Ron Nash’s Executive Role at Perot Systems During the Company’s Global Expansion and Rapid Growth Period

Ron Nash's Executive Role at Perot Systems During the Company's Global Expansion and Rapid Growth Period
Photo Courtesy: Ron Nash

In the 1990s, the technology services market witnessed one of its most explosive periods of expansion. As businesses globally looked to adopt more complex and sophisticated IT systems as an integral part of their business operations, a few companies stepped in to meet that demand with the right mix of consulting and infrastructure support. Among them was Perot Systems, established in 1988 by Texas billionaire and one-time U.S. presidential candidate Ross Perot. By the mid-1990s, Perot Systems had grown into a significant player in the world IT services market, known for its customer-centric model and the ability to scale up operations effectively. It was in this setting that several executives contributed significantly to the company’s international expansion and a subsequent IPO. One of these was Ron Nash, who came aboard the company during a pivotal moment in its development.

Nash joined Perot Systems in 1993, when the company was generating around $85 million in annual revenue. Within a relatively short period, the firm would expand to more than $1.2 billion in revenue, and Nash was directly involved in this dramatic growth. He held the position of a senior Vice President during this time, where he led international operations, handled strategic industry groups, and helped to shape the company’s strategy regarding large, risk-sharing client contracts. The introduction of these shared-risk models significantly increased profit margins and made the company operationally confident to take up such complex technology and business operations transformation projects. Nash’s role in their design and implementation placed him in the very leadership core charged with spreading the company’s presence beyond North America.

At a point in time, Nash was also responsible for managing the company’s operations in Europe and India, prompting him to be based in London while also working as a director of their software development subsidiary in India. Perot Systems had been seeking to plant deeper roots in foreign markets, specifically in Western Europe and the Asia-Pacific region, where multinational companies were in the nascent stages of outsourcing infrastructure and enterprise software requirements. By heading these divisions, Nash was instrumental in establishing the company as a globally competitive choice alongside industry leaders such as IBM Global Services and EDS.

Nash earlier had duties related to the vertical market structure of the company. Perot Systems was segmented into different industry groups that served healthcare, financial services, utilities, and transportation sectors. Each segment was headed by executive groups that were accountable for tailoring services to the operational and regulatory requirements of that market. Nash oversaw business operations of most of these segments to ensure uniformity in the provision of services while assisting the company to better align itself with client needs in various markets. This was in line with Perot’s ideal of establishing long-term client relationships rather than transactional business, and Nash’s leadership position put him right in the middle of that strategic focus.
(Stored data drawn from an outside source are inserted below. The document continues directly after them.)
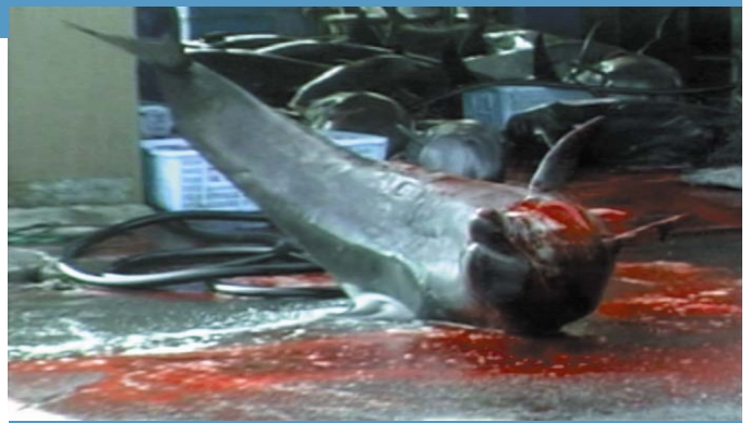
Getöteter Tümmler in Futo, Präfektur Wakayama

Außerdem werden Große Tümmler, Risso's Delfine, Streifen- und Schlankdelfine bejagt sowie Kurzflößen-Grindwale, Baird's Schnabelwale und kleine Schwertwale . Die letzten drei Arten werden, wie der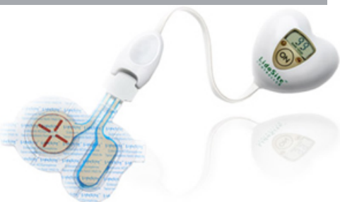
Phase 1 Triptan Study – Migraine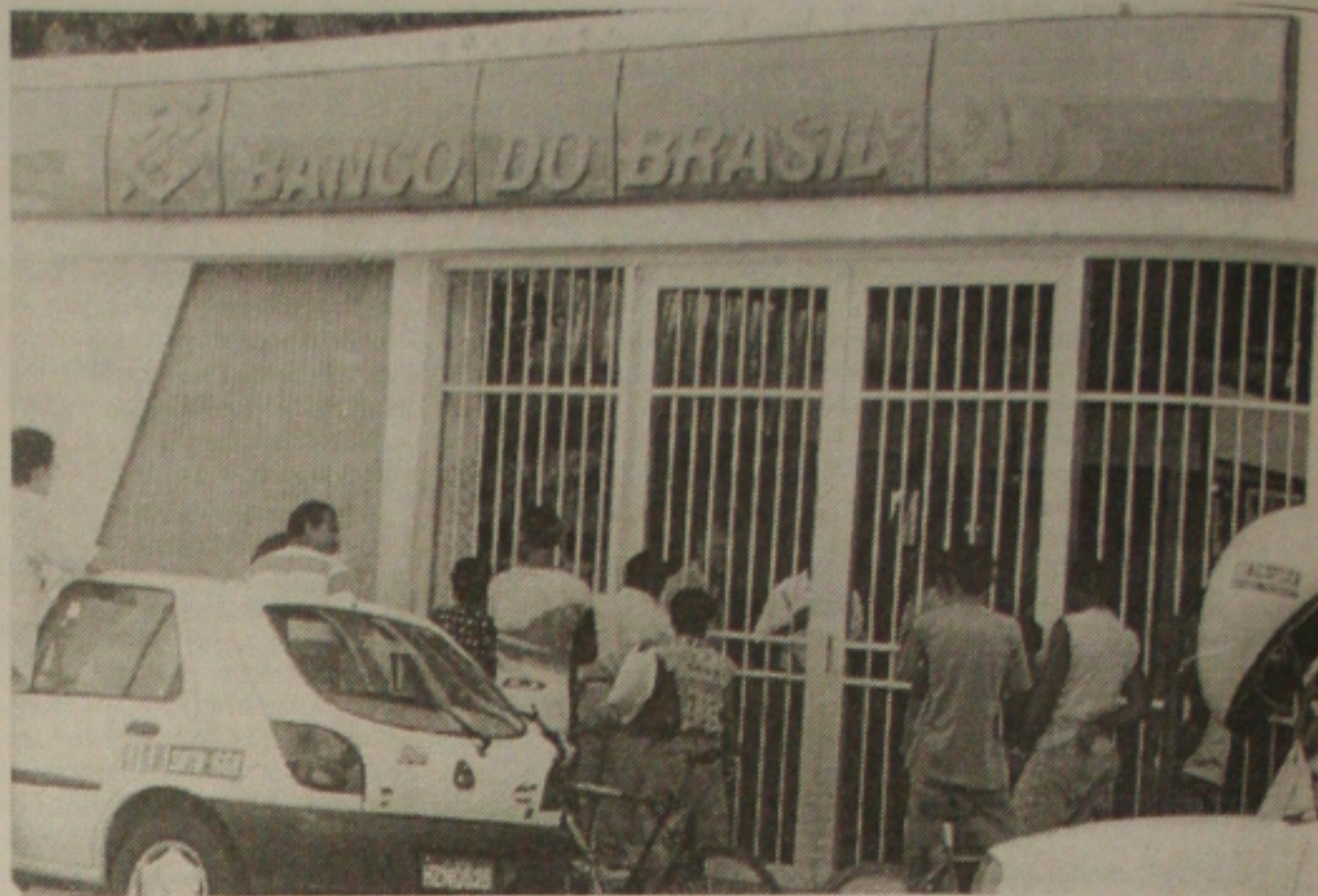
Pela terceira vez ladrões assaltam a agência do Banco do Brasil do Bairro São José

A polícia foi acionada de imediato. Enquanto alguns policiais faziam levantamentos dentro da agência e obtinha informações com os clientes, sobre as características dos bandidos, várias equipes de capturas das delegacias, saíram em perseguição a quadrilha. Até o final da tarde de ontem, o Parati não tinha sido localizado.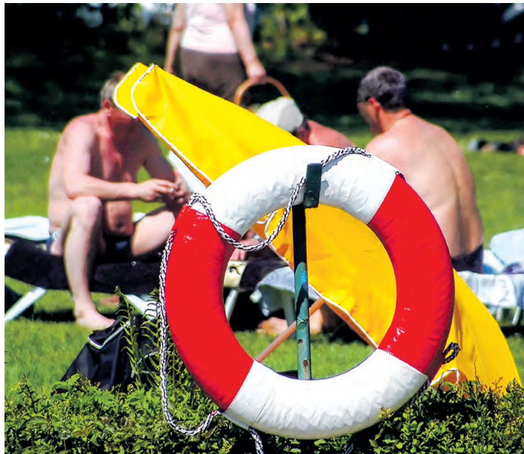
Beliebte Freizeiteinrichtung: Im Jahr 2025 wurden im Werburger Waldbad rund 17.500 Eintrittskarten verkauft und insgesamt rund 55.000 Besucher gezählt.

Nach dem wechselhaften Frühjahr hoffen viele Menschen auf schönere Tage und freuen sich auf Freibadbesuche bei milden Temperaturen. Und das vielleicht schon am ersten Mai-Wochenende, wenn das Werburger Waldbad voraussichtlich in die Saison startet. Kleiner Wermutstropfen: Die Eintrittspreise fallen in diesem Jahr höher aus.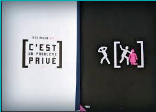
« Déconstruire les idées reçues sur les violences faites aux femmes » (Association Nationale des Elu-e-s Contre les Violences faites aux Femmes)

Contenu : 24 panneaux plastifiés 40x40 cm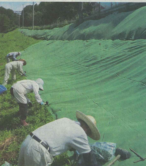
「雑草抑制おまかせネット」の設置作業

滋賀県甲賀市の多面的機能支払交付金の活動組織・小佐治環境保全部会は、同ネットを畦畔の除草の省力化に活用している。地域は標高約2000mの中山間地。畦畔は高低差が大きく、平均で3、4m、高い所で10mある。刈り払い機による除草作業は一苦労で、高齢農家には危険だ。地域では、60%で化学農薬や化学肥料を通常の半分以下に減らした「環境こだわり米」を栽培しており、除草剤にも頼りにくい。そこで、近隣の農家が導入したのを参考に2015年から、同ネットを使い始めた。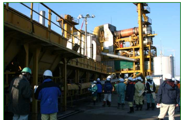
(再生アスファルト合材を生産する施設)

道路の補修や、建物の取り壊しなどで発生したアスファルト殻やコンクリート殻は、破碎、異物除去、選別等の様々な工程を経て、再び、道路の下に敷く路盤材や、再生材使用アスファルトとして、皆さんの周りで再利用されることになります。

One of Nash’s contributions to Perot Systems was managing cross-border engagements and contracts involving high-value, long-term service deals. These projects generally involved teams distributed across continents and demanded a meticulous comprehension of cultural, legal, and operational differences across client countries. His background in engineering and management (he held a Bachelor’s degree in Industrial Engineering from the Georgia Institute of Technology, 1970, and a Master’s in Management from the University of Texas at Dallas, 1979) furnished a foundation for combining technical and business issues in these worldwide interactions. Nash was also a licensed professional engineer in the State of Texas, possessing a systematic and methodological style for operations leadership.
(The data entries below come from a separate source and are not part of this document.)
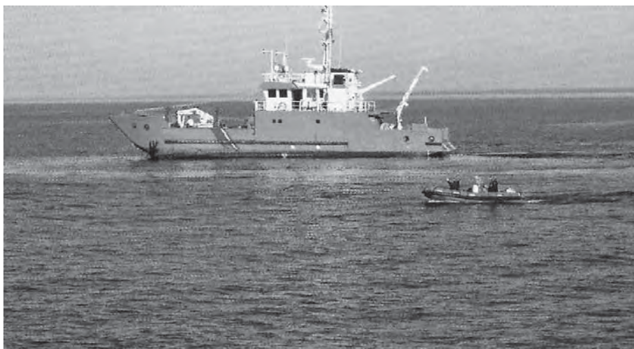
Miljøfartøjet METTE MILJØ på arbejde

Med mere end 4300 havmiljø vogtere ved årsskiftet er konklusionen, at kampag-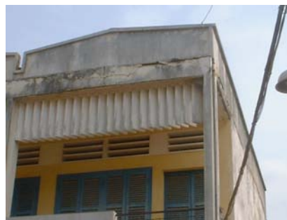
教室棟壁面老朽化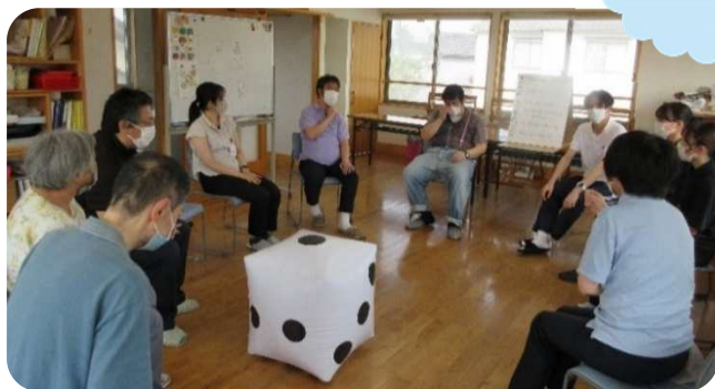
自然房にて実習生考案のレクリエーション

富山県立大学看護学生 1 年生 3 名が、 むつみの里で 3 日間の実習を行いました。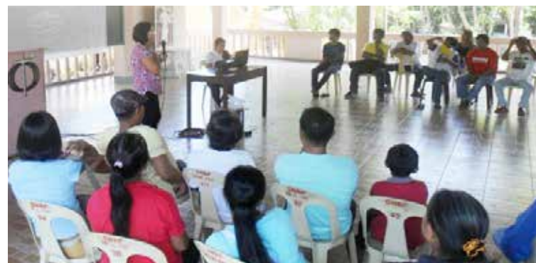
Ang mga parolado atol sa bansaybansay alang sa therapeutic treatment .

sa mga parolado nga may nagkalain-laing kaso. Gali community-based (o nakabasi sa komunidad)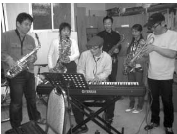
迫力のある練習風景

なお、本会の会員に関するお問い合わせ、加入のお申し込みは、本会事務局までお願いいたします。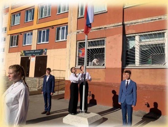
Подъем Государственного флага Российской Федерации

В этот день в нашей школе прошло очень много мероприятий. И сейчас мы хотим рассказать и показать самые интересные моменты.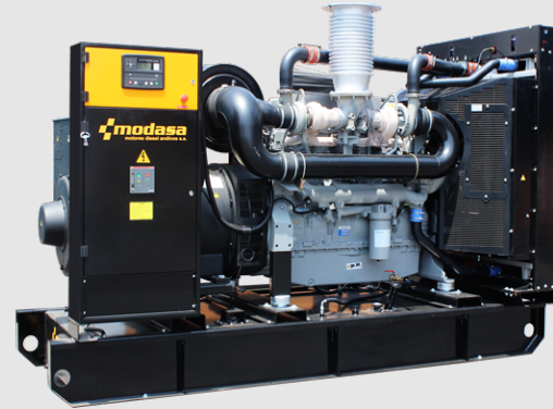
GRUPO ELECTRÓNICO ABIERTO

* Nota: Imágenes referenciales, pueden variar dependiendo de los accesorios

Perot Systems’ culture, which was established by its founder Ross Perot and updated by its CEO Mort Meyerson, cultivated discipline, performance, relentlessness, and a customer focus. Its senior leaders, including Nash, were known for adapting to the company’s stress on quantifiable performance, excelling in leading teams in such a demanding environment. Nash’s early career at EDS had already familiarized him with that style of achieving, which eased his integration into Perot Systems’ executive ranks.

At Perot Systems, Nash collaborated closely with the CEO and other senior leaders not only on individual project deliveries but also on the development of the company’s operational and financial model. His exposure to managing global teams, particularly in industries such as healthcare, utilities, and transportation services, complemented the overall strategy of the company to enter high-demand and fast-growing markets. Though he left the company in 2000, his tenure was one of the most significant periods of corporate growth for Perot Systems. It included their initial public offering and public trading on NYSE in 1999. It was a period of geographic expansion, investment in institutions, and heightening competition, and Nash’s senior leadership optimized all these business factors.

Ron Nash departed from Perot Systems with the experience that would later guide his position in both the public and private sectors. He became a venture capital investor, a CEO multiple times, and subsequently a Senior Advisor for Transformation and Reform in the U.S. Department of Defense. Even so, the time he spent in Perot Systems is perhaps the relevant example of his operationally and leadership capabilities within an aggressively growing, international technology services firm. Work during that phase exhibits just the kind of executive experience found at the confluence of growth management, technical execution, and global business development.